Graham Percival wrote:
I mean, in Japanese there's no pluralization of nouns. Given the writing that I see from the graduate students here, I gather that Chinese doesn't pluralize nouns either. Now how can I explain to them how to do something as simple as saying "one foo" and "two foos" ? There's nothing /approacing/ a firm rule for this. I just have tons and tons of special cases (subconsciously) memorized, so I instantly recognize that "In the morning, I pulled my beet onto my foots" is wrong.
Chinese doesn't pluralize nouns. But it does have measure words, and different measure words go with different nouns.
Of course you have to learn the irregular plurals. Like you have to learn the words in the first place.
I'm not as sympathetic when they forget to add a "the" or "an" in front of a noun. English is consistent on that point.
It is not.
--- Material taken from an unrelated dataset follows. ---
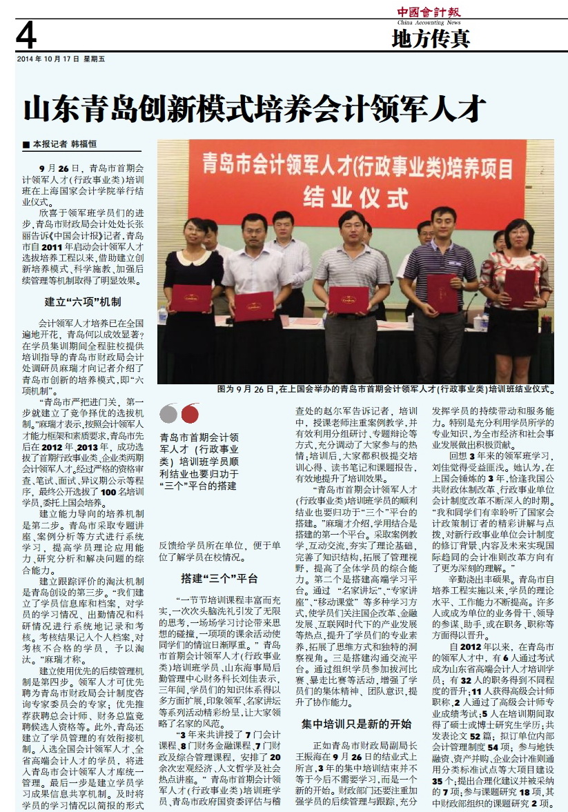 山东青岛创新模式培养会计领军人才【中国会计报,2014年10月17日】

Countable and uncountable nouns are already a good hour's lesson. (I know, I've taught it.) Then you get to the irregularities, like why you write a piece for piano, instead of "the piano".
Really, if any HCI (err, that's Human-Computer Interface, a sub-field of Computer Science) guy proposed "hey, let's invent a new language such that the average first-year university student native speaker doesn't know how to pronounce every single word at first glance", he'd be laughed out of the room.
All natural languages have complexity lurking somewhere. It's to do with us all having the same kind of brains.
IMNSHO, one of the first rules of an (alphabetized) written language should be that every single word should be pronouncable by a complete novice after 10 hours of study. Or maybe 5 or 20... but you get the idea.
Sure, and what about languages with a variety of accents, like English? Which one do you base the spelling on?